Along the same lines, Stutsman noted that while it’s true the school corporation this past May was successful in getting two voter referendums approved — one to help bolster the corporation’s flagging General fund and one to assist with the construction of a new intermediate school — that additional funding will do nothing to help the corporation with its plans for advanced manufacturing instruction.

“I’ve heard some comments with the big referendums that the school just got, that they’ve got cash everywhere. Well, don’t forget, it’s no different than the Redevelopment Commission or Civil City. We all have these silos of money that can be used here, but can’t be used in other areas,” Stutsman said. “So what we would be donating to is not something that these referendums would be helping with.”

Stutsman also made a point of informing the commission that it was he who brought the idea for the funding gift to Woodworth, and not the other way around.

“I just want to be clear for everybody here, I went to Diane with this idea. The schools did not come to me requesting this,” Stutsman said. “I just saw this as an opportunity. There’s a lot going on to reeducate and retrain current workers, and that’s a huge piece of what we need to be doing now. But a longterm effort has to be finding better ways to train our youth so they’re ready for this, otherwise we’re going to always be having to do short-term efforts to try to keep our workforce up.”

For his part, Commissioner Vince Turner said his initial reaction to the proposal was positive, though he would like to see something more concrete when it comes to a potential plan for the funding’s use.

“I think I would rather see narrower than wider,” Turner said. “I would like to see a specific program that you’re asking us to come along side of, what the training would be, who the partnerships would be with, what we’re funding, etc. The other thing I’d suggest is I don’t mind the 5-year aspect of it, but I’d like to see it (reviewable) in a similar way to tax abatements, where we have an opportunity as a commission to say,’Yes, this is the direction we want it to go in.’ Folks are begging for workers now, and if we can come alongside in a public-private partnership where we have very specific things that we’re saying we’re funding, I see some optimism in there.”

Commissioner Brett Weddell also expressed initial support for the proposal, noting that it would behoove the commission to acknowledge the negative impact the city’s use of TIFs has had on the school district.
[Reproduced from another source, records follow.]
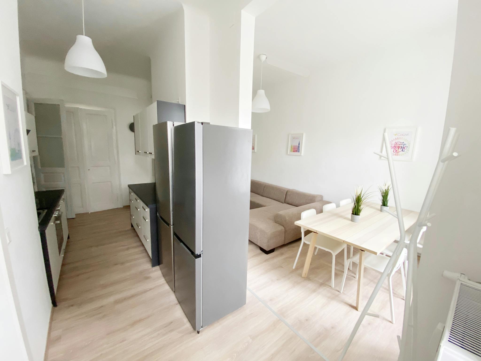 In your room (NUMBER 5 IN THE FLOOR PLAN) you will find a comfortable double bed, a chill area with a couch, fresh linen, wardrobe and a workspace). In the apartment you have everything you need (washing-machine, hair drier....) and more. Everything (heating, electricity, internet etc.) is included in the price (All-In), so you can move in directly without worrying about anything. The huge flat has a big living area, a very nice living-kitchen, 2 bathrooms a balcony.
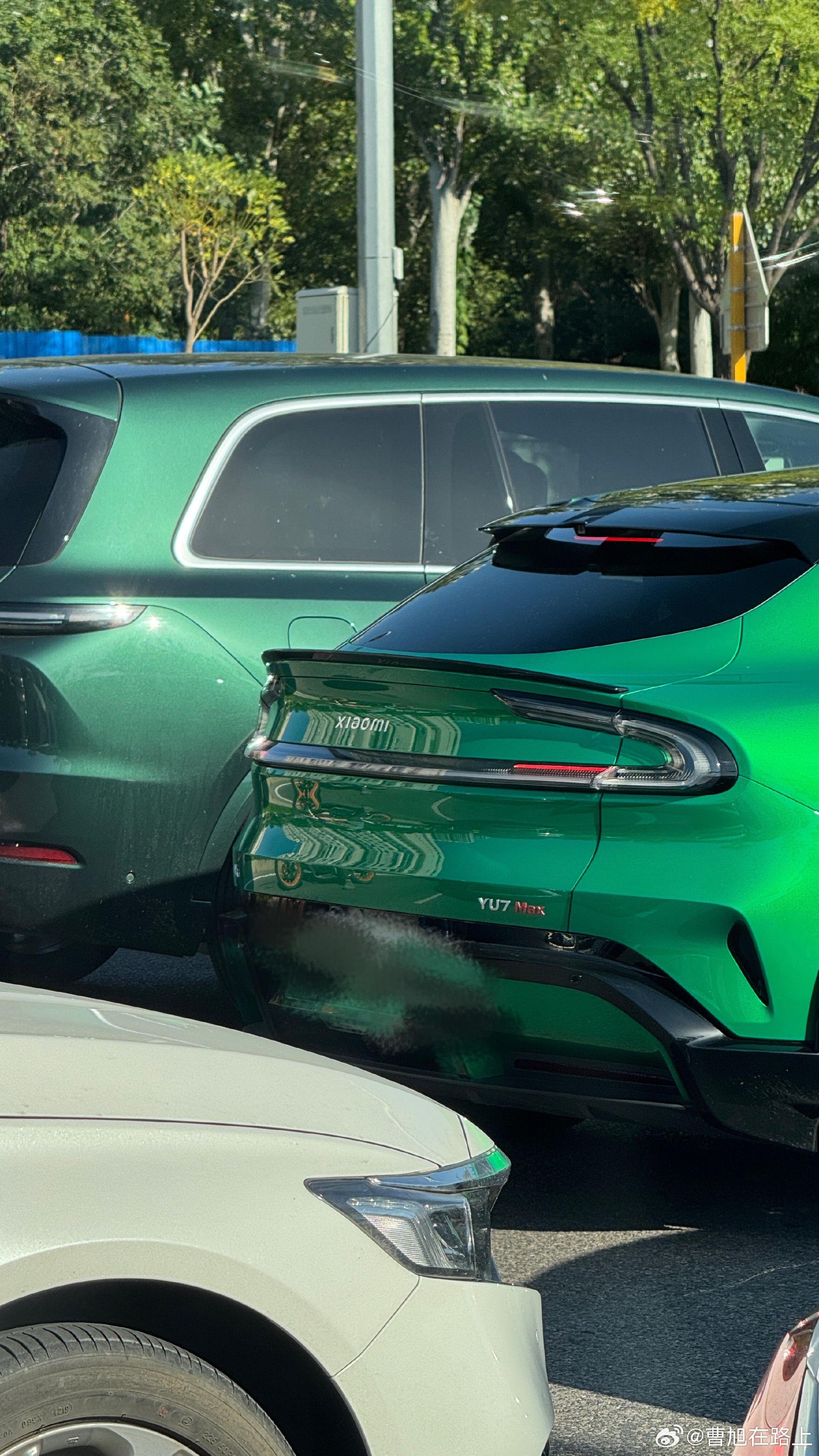 理想L9祖母绿与小米YU7阳绿同框对比
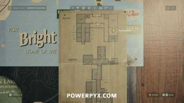 与餐厅里的人交谈后,跟随凯西和警长前往警察局,进入警察局后可以在柜台后面找到地图。
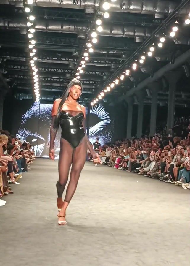 A model walks down a runway during a fashion show. She is wearing a shiny black bodysuit with sheer black tights and matching gloves. Her hair is long and black, and she is wearing high-heeled sandals. The runway is gray and lined with spectators on both sides, many of whom are recording with their phones. Overhead, a series of bright, round lights illuminate the scene. At the end of the runway is a large screen displaying a stylized eye image. The atmosphere is lively with music and cheering.
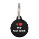 Huisdier ID Identificatietag Voor Katten En Honden met Zwarte Achtergrondkleur en Witte Letterkleur gedrukt met aanpasbare sjabloon tekst frase Ik ♥️ hou van Mijn Kattenvader op Mutsen, Truien en Huisdierproducten door TheFabricSeal print on demand winkel op Zazzle.com #ZazzleMade https://www.zazzle.com/store/thefabricseal
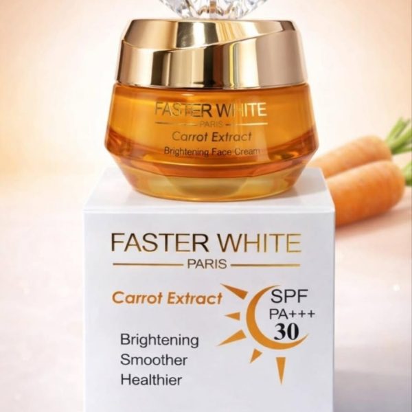 The Faster White Carrot Extract Brightening Face Cream is a specialized facial treatment designed to intensely brighten the skin and even out the complexion. It is formulated as a powerful lightening agent to target specific facial concerns while providing a radiant glow.
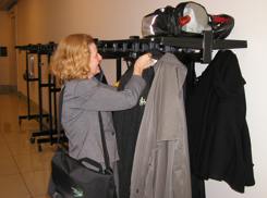 Emmons (above left) of Bikeworld in Kentucky, hanging up her coat.
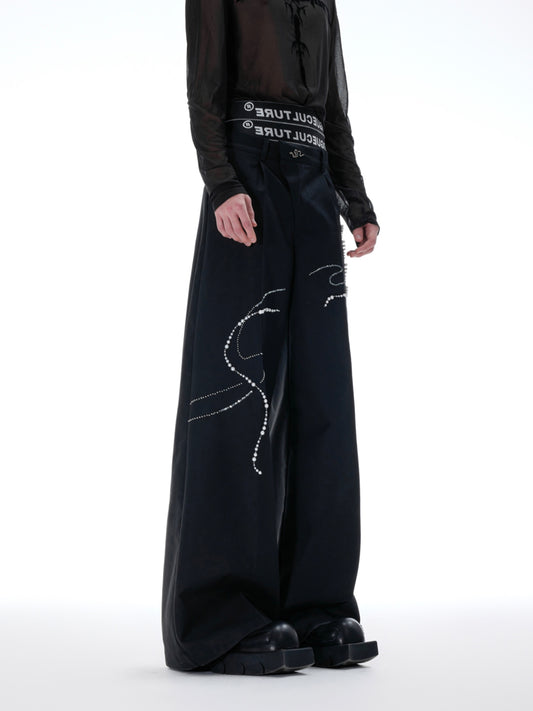 【25s Feb.】Beaded Snake Loose High-end Wide-leg Pants

“The city council had Umbaugh and Associates come and do an analysis that took into consideration the two largest TIF districts we have, projects that are coming on board, revenues and whatnot,” Weddell said. “Between those two major TIF districts, the redevelopment commission will bring in approximately $7.8 million per year. Their analysis then took it a step further and said if we eliminated those two TIF districts, got rid of them, and they went away, the Civil City would collect an additional $2.1 million (per year), and the school system would collect $1.8 million. So obviously having the TIF districts is still a net positive for the city, but we always knew that the school was losing money. I don’t think anyone really knew what that meant (until now).”

Given the commission’s general acknowledgment of interest in exploring the proposal further, Stutsman said his plan would be to bring something more concrete back for the commissioners to review likely at either their July 10 or Aug. 14 meeting, to which they agreed.